_Problem description_. Transcribe exactly, and without pictures, the lines from the one that contains "開創は1189年。佐渡本間氏の守り本尊を犬に飲ませて逃がしたが、滝に落下。" through the last line of the material.

_Material supplied_.
......

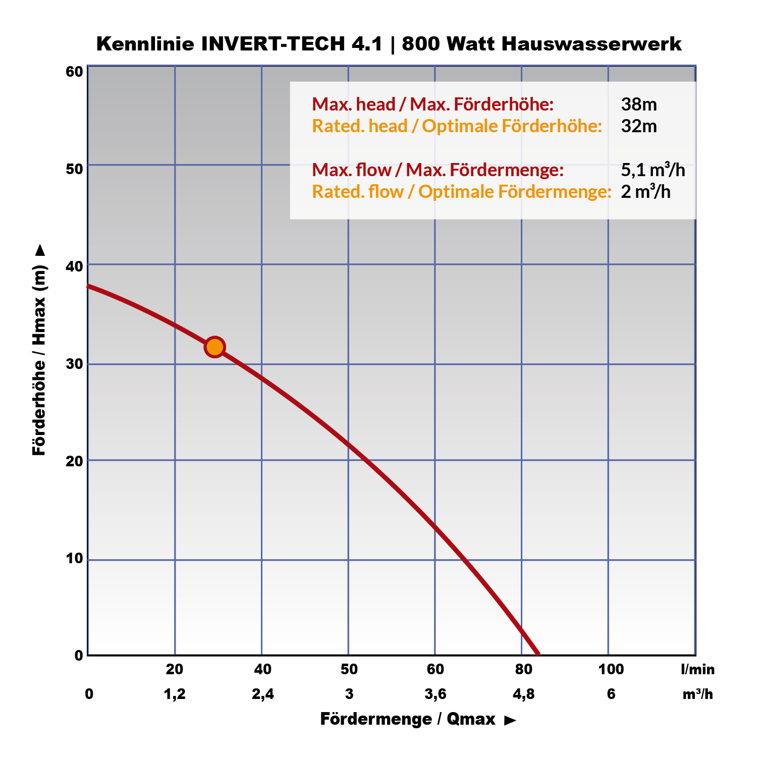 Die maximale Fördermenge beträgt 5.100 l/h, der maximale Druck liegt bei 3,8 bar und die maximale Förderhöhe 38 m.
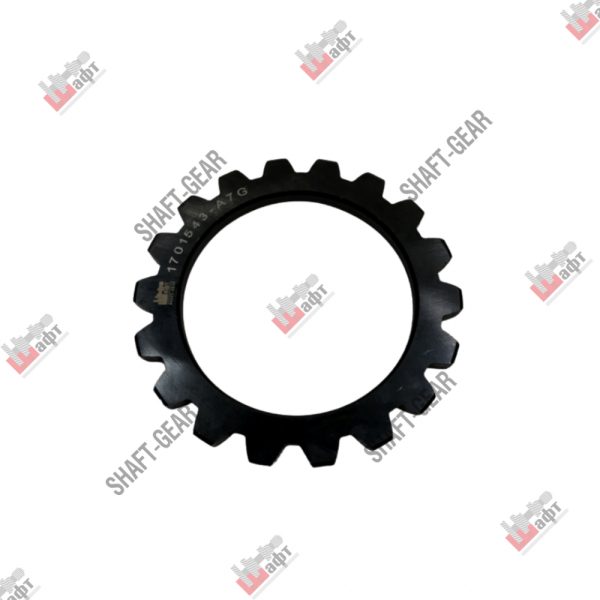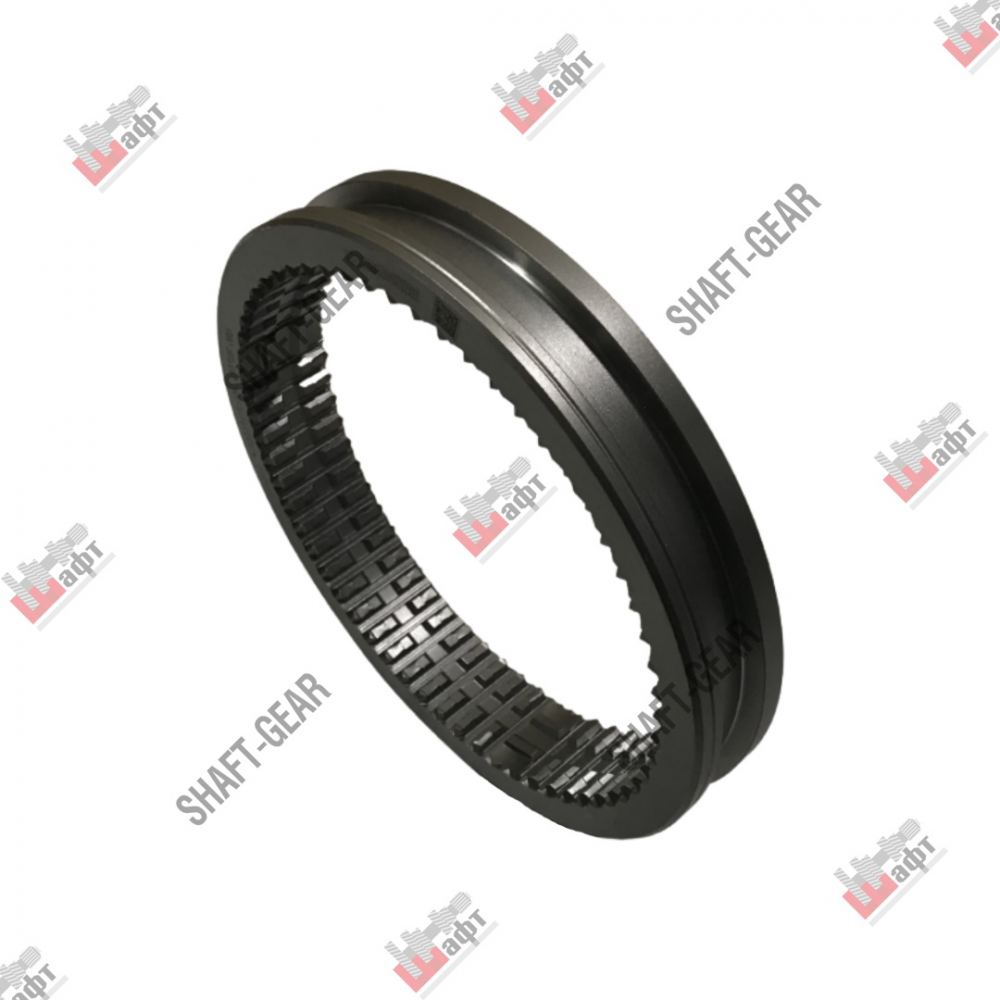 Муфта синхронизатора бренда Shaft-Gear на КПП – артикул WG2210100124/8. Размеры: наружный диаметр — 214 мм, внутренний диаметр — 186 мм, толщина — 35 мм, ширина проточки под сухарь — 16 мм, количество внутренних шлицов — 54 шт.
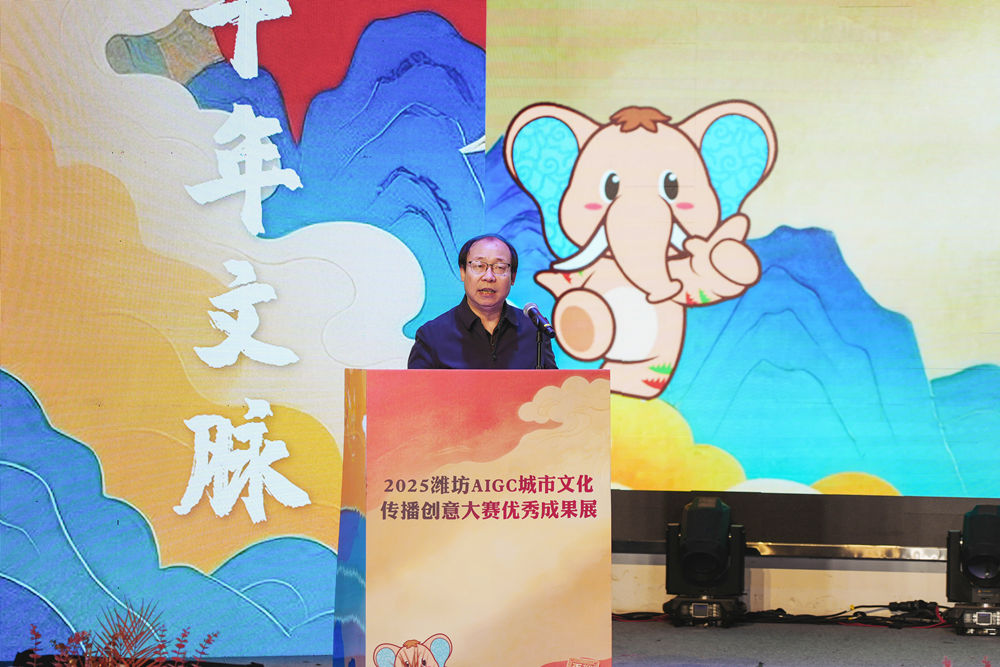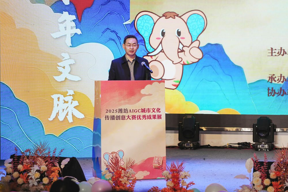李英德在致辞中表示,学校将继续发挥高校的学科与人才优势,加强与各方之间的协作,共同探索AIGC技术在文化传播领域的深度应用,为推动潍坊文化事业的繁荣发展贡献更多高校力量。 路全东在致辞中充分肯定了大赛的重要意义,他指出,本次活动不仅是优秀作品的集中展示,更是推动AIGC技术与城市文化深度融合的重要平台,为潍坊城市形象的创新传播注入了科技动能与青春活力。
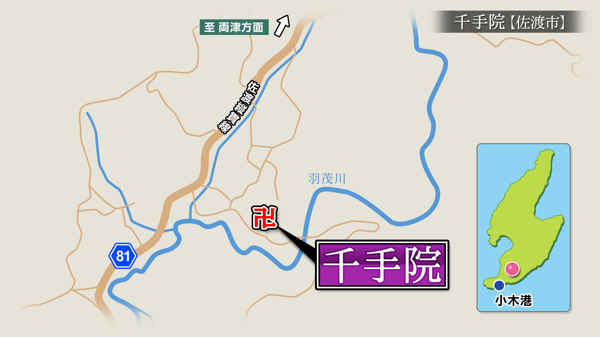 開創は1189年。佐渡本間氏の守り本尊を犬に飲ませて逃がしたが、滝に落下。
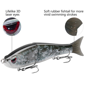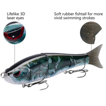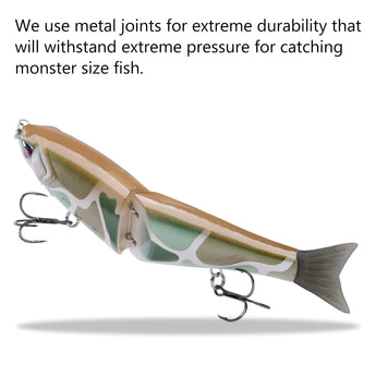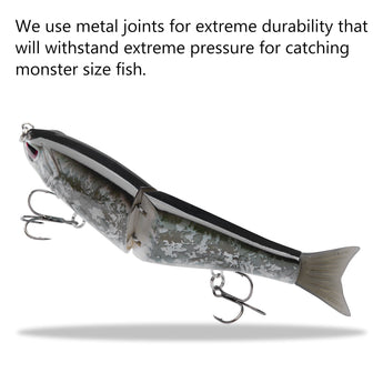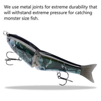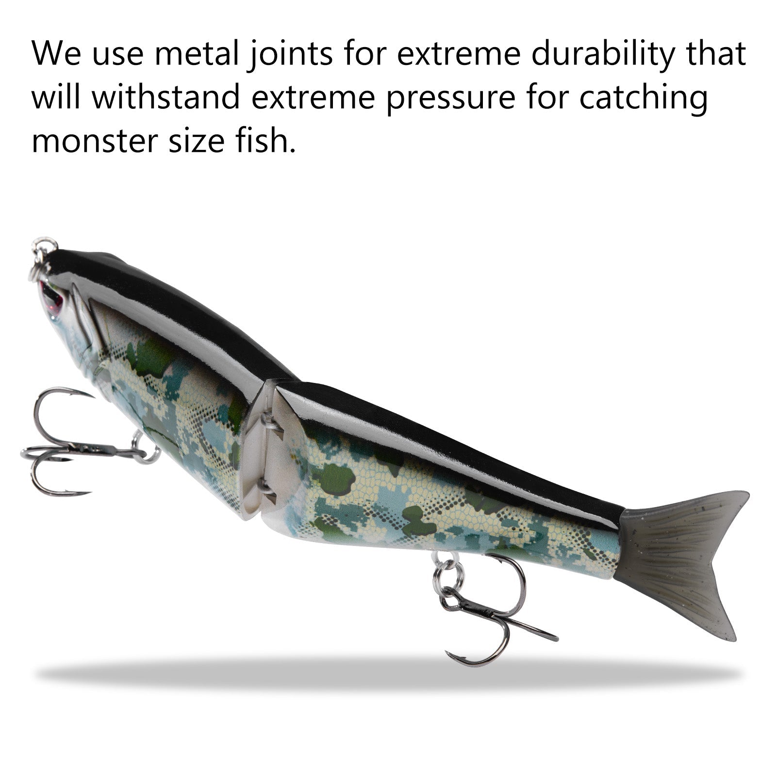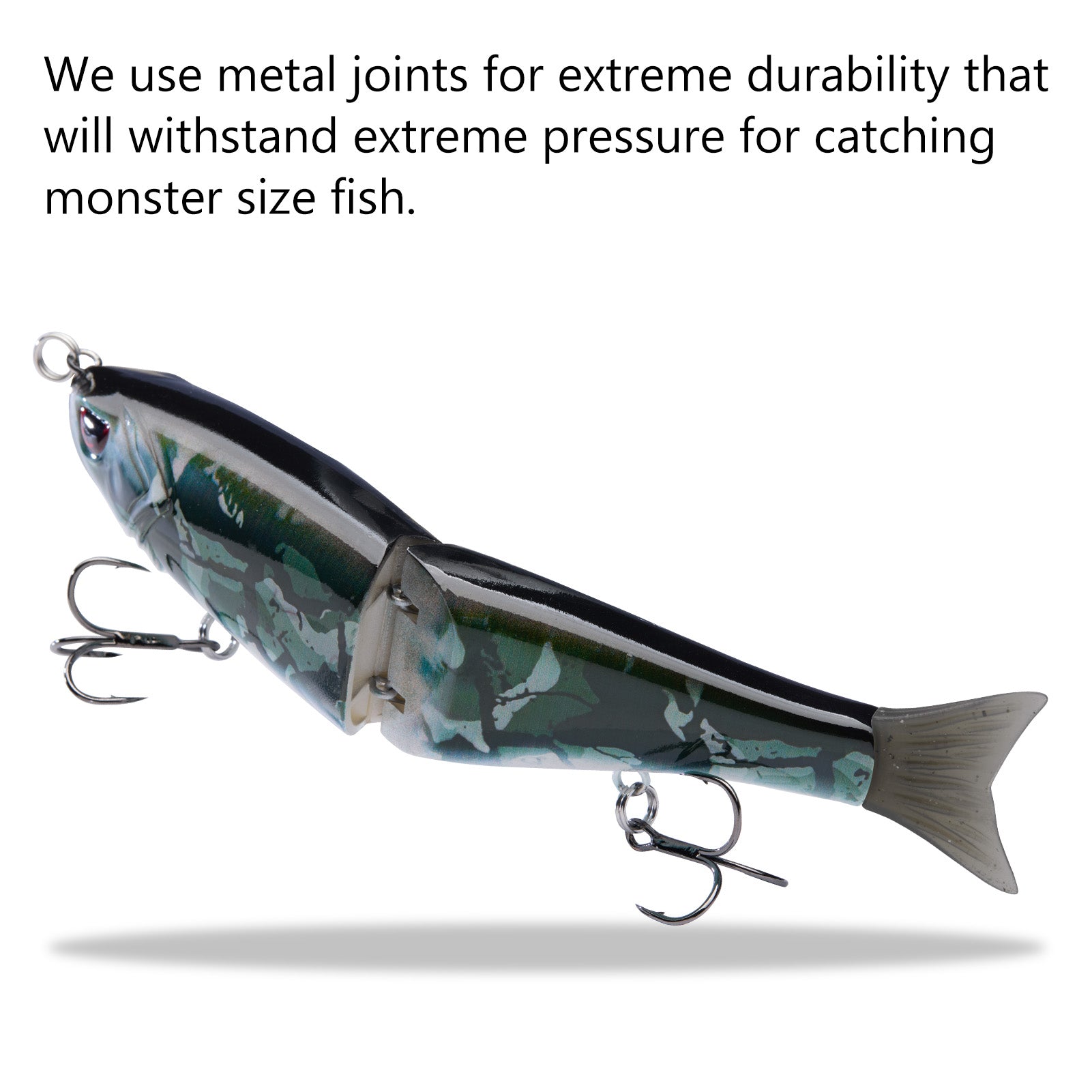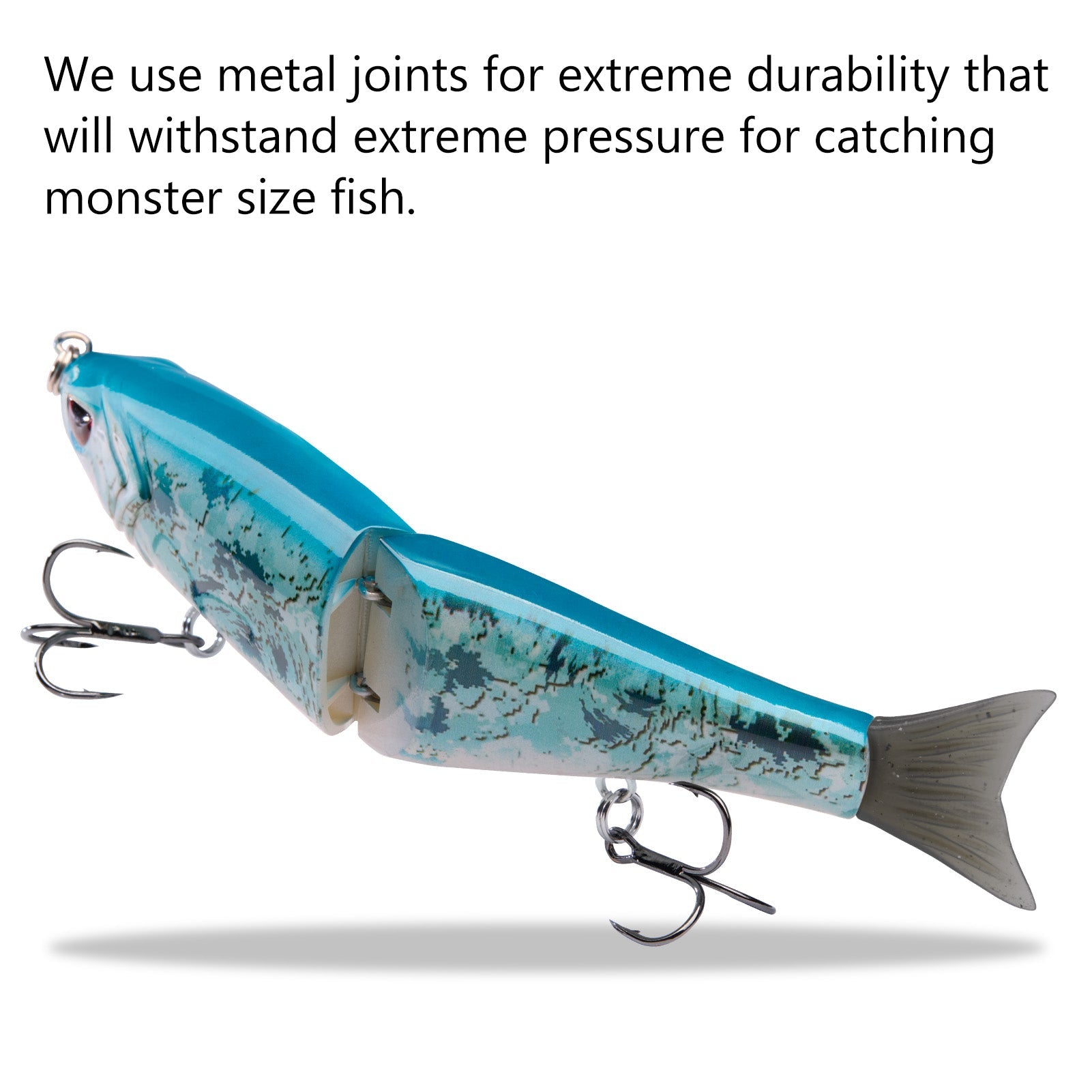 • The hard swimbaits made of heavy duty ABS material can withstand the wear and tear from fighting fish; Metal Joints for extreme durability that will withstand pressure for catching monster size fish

......

_Worked solution_.
 開創は1189年。佐渡本間氏の守り本尊を犬に飲ませて逃がしたが、滝に落下。
 • The hard swimbaits made of heavy duty ABS material can withstand the wear and tear from fighting fish; Metal Joints for extreme durability that will withstand pressure for catching monster size fish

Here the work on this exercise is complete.